The production process is complex and the production efficiency is low. And the bonded sand core has poor appearance quality and low strength, so that the rejection rate of the product is easily increased, and the production cost is increased.

Disclosure of Invention

In order to overcome the defects, the technical problem solved by the utility model is to provide the hot core box die for casting the annular groove sand core of the compressor shell of the turbocharger, and the hot core box die for casting the annular groove sand core of the compressor shell of the turbocharger is used for integrally forming the manufactured sand core, so that the production efficiency is improved, and the production cost is reduced.

In order to solve the technical problems, the hot core box die for casting the annular groove sand core of the compressor shell of the turbocharger comprises a static die and a movable die, wherein the static die is provided with a static die cavity, the movable die is provided with a movable die cavity, and the static die cavity and the movable die cavity form a molding cavity of a sand core together; a static mold middle core is arranged in the static mold cavity, a movable mold middle core is arranged in the movable mold cavity, a movable mold insert is further arranged on the movable mold middle core, and the static mold middle core is abutted with the movable mold insert when the mold is closed; four movable die openings which are communicated with the movable die cavity are arranged on the movable die; the device also comprises a core pulling mechanism and four movable blocks; the core-pulling mechanism comprises four groups of core-pulling components, and the core-pulling components comprise core-pulling power components; the action end of the core-pulling power piece is connected with the movable blocks, and the four movable blocks are used for plugging the four movable die openings under the action of four groups of core-pulling components respectively.

Further, the movable block comprises a plugging part and a connecting part which are connected together, the connecting part is connected with the core pulling assembly, the plugging part is used for plugging the movable die opening, the free end face of the plugging part is an arc face, and the arc face and the inner wall face of the movable die jointly enclose the movable die cavity; the arc-shaped surface is also provided with a bulge protruding to the movable die cavity, and when the blocking part blocks the movable die opening, the bulge stretches into the movable die cavity.

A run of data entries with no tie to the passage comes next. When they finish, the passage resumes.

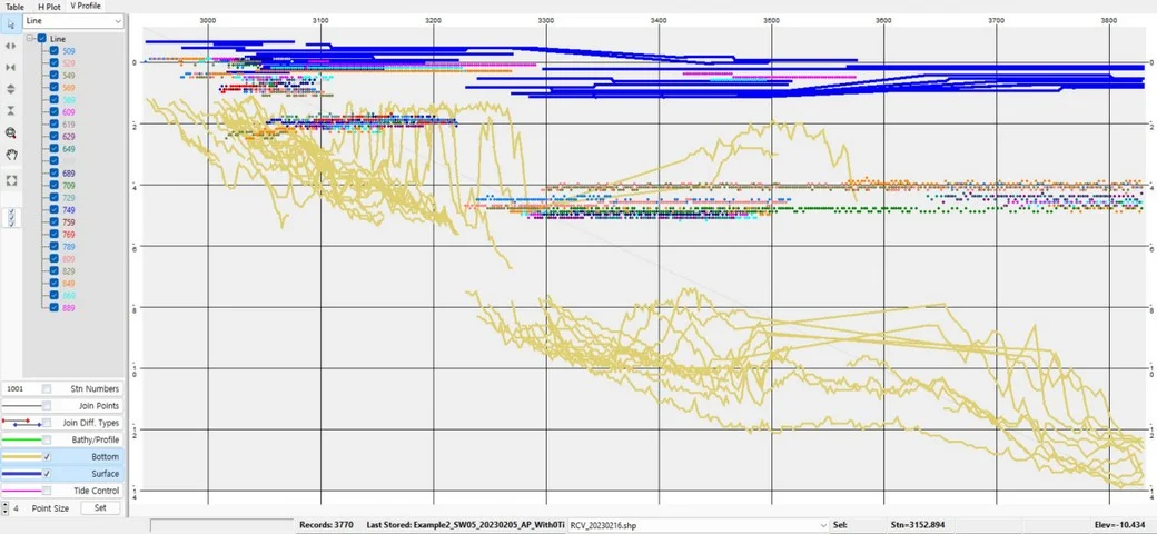 The vertical profile displays a side on view of the data looking across the lines with the low station numbers to the left and high numbers to the right. The same colour coding options as the horizontal plot apply to the vertical profile. As well as the point elevations, the bottom elevation, surface elevation, external tide values and external bathymetry can be displayed. The image can be zoomed and panned. However, the zooming can be performed either vertically or horizontally as required.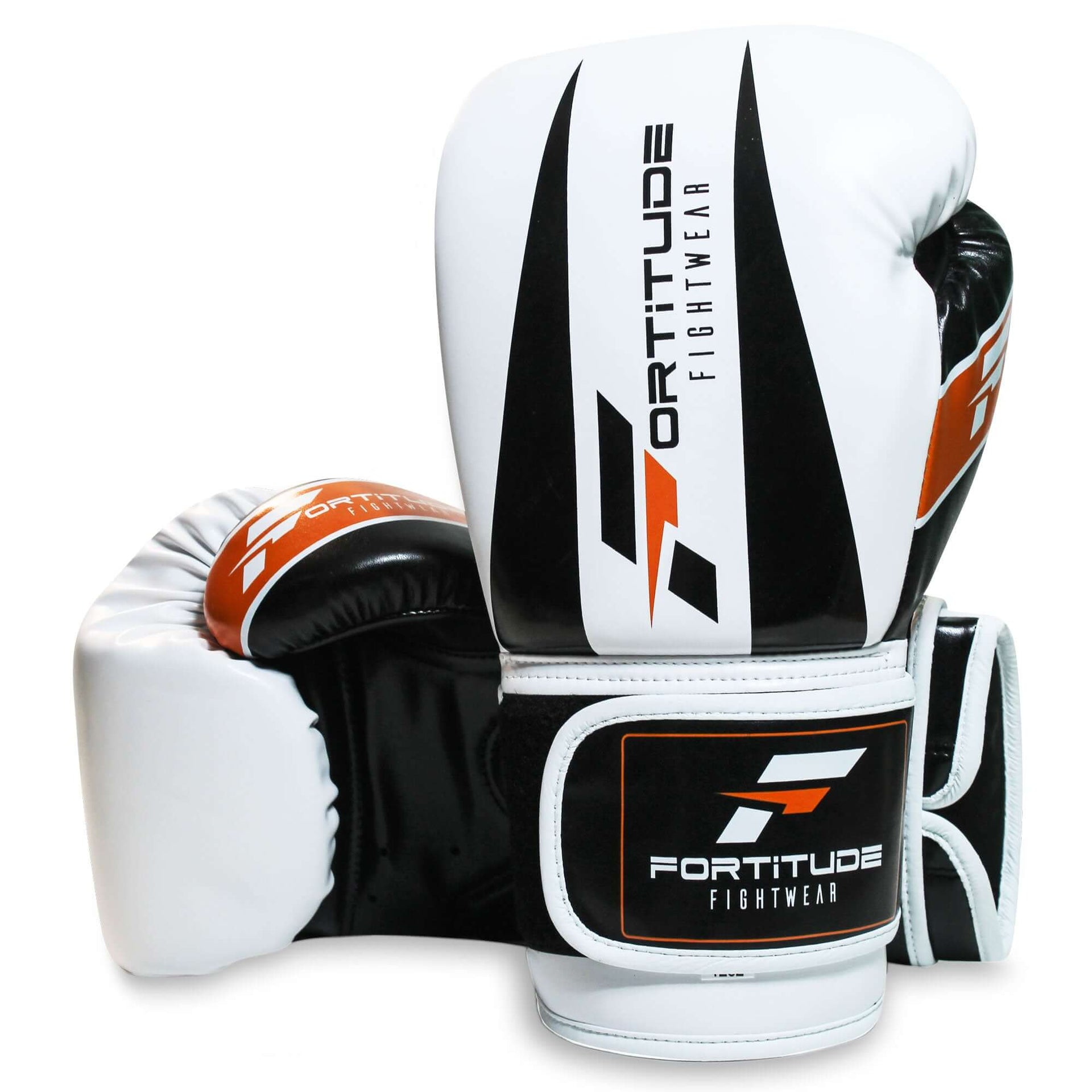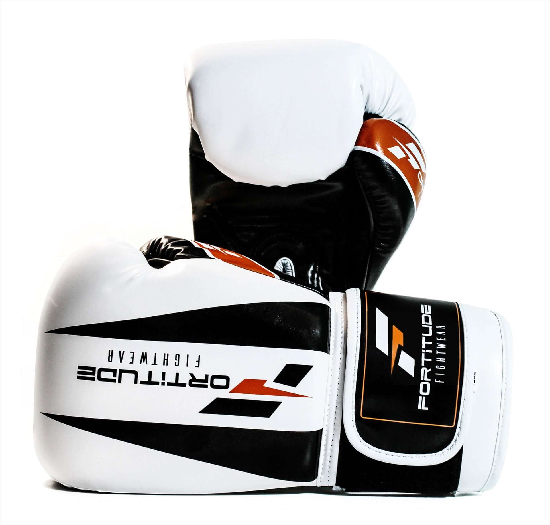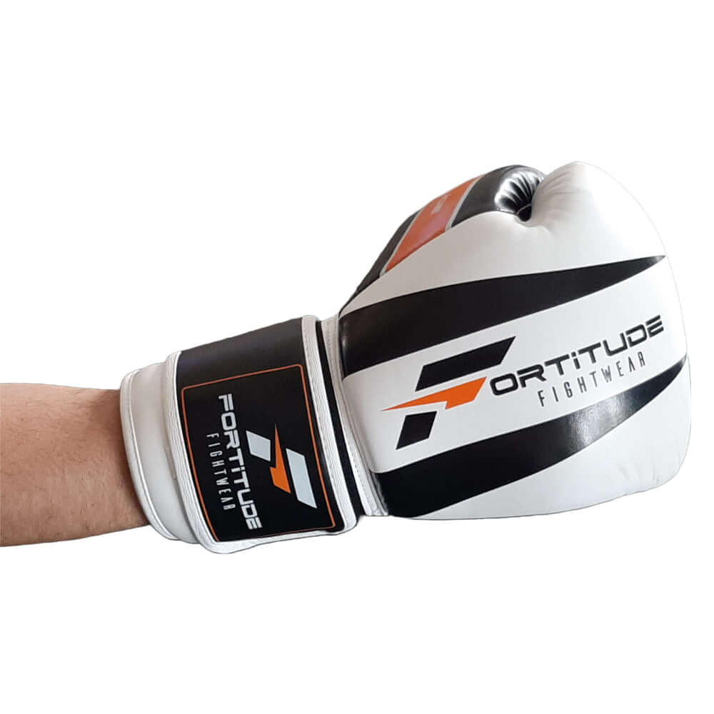 Fortitude Fightwear Boxing Gloves are manufactured to the highest standards featuring premium quality materials and design and offer great hand protection, padding and wrist support with a secure velcro wrist strap. Our 12oz boxing training gloves are perfect for use in fighting, training and sparring or for hitting punch bags and focus pads. Whether you use them as bag gloves, sparring gloves or in the ring, they wont let you down and will offer a high level of comfort and durability whilst also featuring our stylish white, orange and black Fortitude Fightwear design. They are suitable for men, women and larger juniors of all levels in a wide variety of mixed martial arts and fighting disciplines such as boxing, kickboxing, MMA, Muay Thai and more. Our boxing / kickboxing gloves are covered in high grade PU leather which is easy to clean, durable, animal-free/vegan (unlike traditional leather) and hard wearing, while they also feature triple layer impact protection foam for maximum hand protection, comfort, accuracy and power.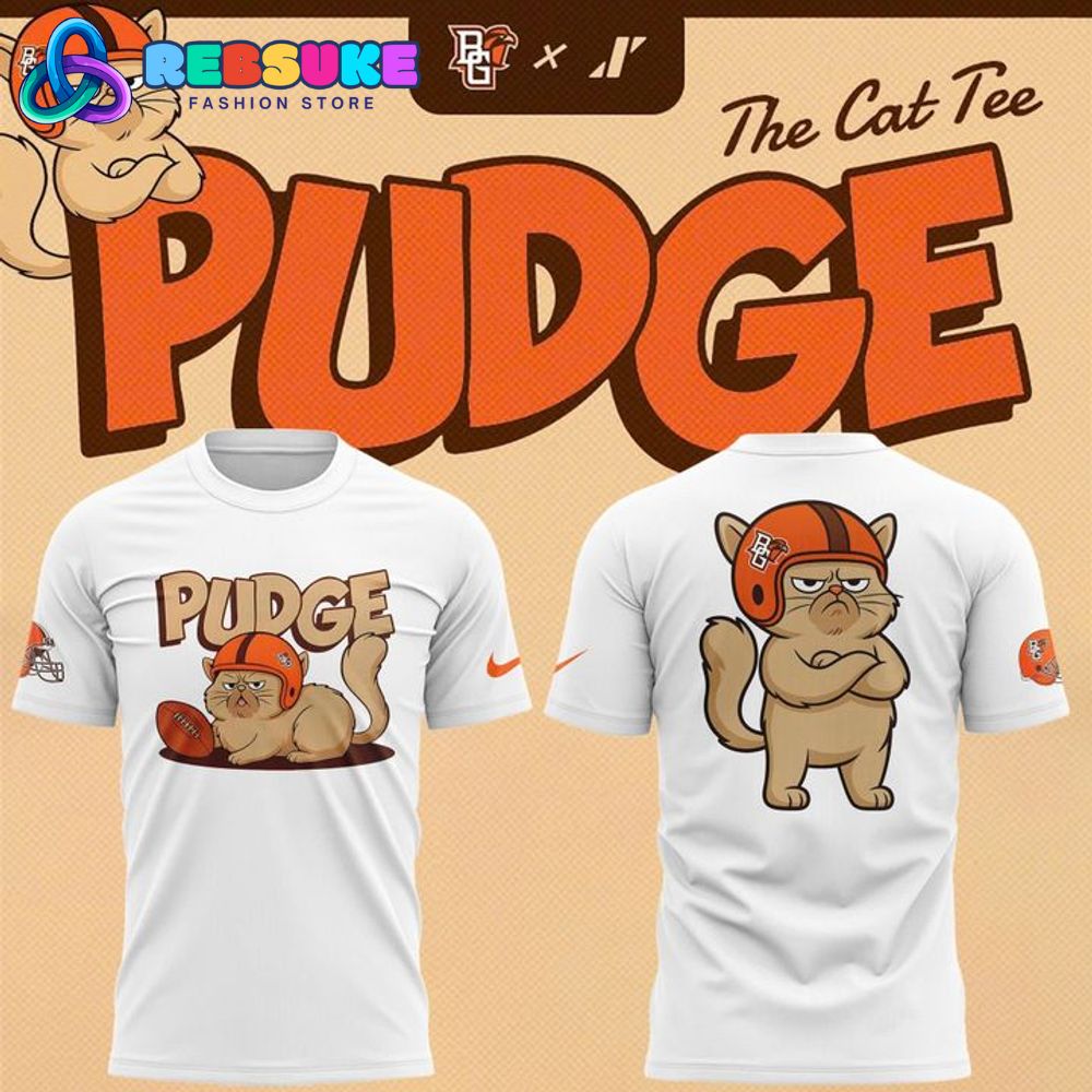 Style & Design of White BGSU Football Pudge The Cat Shirt

Further, the four movable die openings are respectively defined as a first movable die opening, a second movable die opening, a third movable die opening and a fourth movable die opening, and an included angle alpha between the second movable die opening and the first movable die opening is 70 degrees based on the first movable die opening; the included angle beta between the third movable die opening and the second movable die opening is 100 degrees; an included angle gamma between the fourth movable die opening and the third movable die opening is 75 degrees; and an included angle delta between the first movable die opening and the fourth movable die opening is 115 degrees.

Further, the core-pulling power piece is a core-pulling air cylinder, and the action end of the core-pulling air cylinder is fixedly connected with the connecting part.

Further, the hot core box die for casting the annular groove sand core of the compressor shell of the turbocharger further comprises a material returning ring assembly, the material returning ring assembly comprises a material returning ring, the material returning ring is sleeved on the periphery of the middle core of the movable die, and a top core rod is arranged on the material returning ring.

Further, one end of the top core rod, which is far away from the material returning ring, is provided with a top core rod adjusting assembly, the top core rod adjusting assembly comprises a top core rod connecting plate, and the top core rod is in threaded connection with the top core rod connecting plate.

Further, the top core rod adjusting assembly further comprises a cover plate which is covered on the top core rod connecting plate, and the cover plate is arranged on one surface deviating from the top core rod; the top core rod connecting plate is provided with a threaded hole, and the cover plate covers the threaded hole.

Further, the movable die is mounted on a movable die connecting plate, and the top core rod slides through the movable die connecting plate and is connected with the top core rod connecting plate.

Further, a spring is sleeved on the top core rod, and the spring is located between the top core rod connecting plate and the movable die connecting plate.

Further, a static mold sand injection port is formed in the static mold, and the sand injection port is communicated with the static mold cavity.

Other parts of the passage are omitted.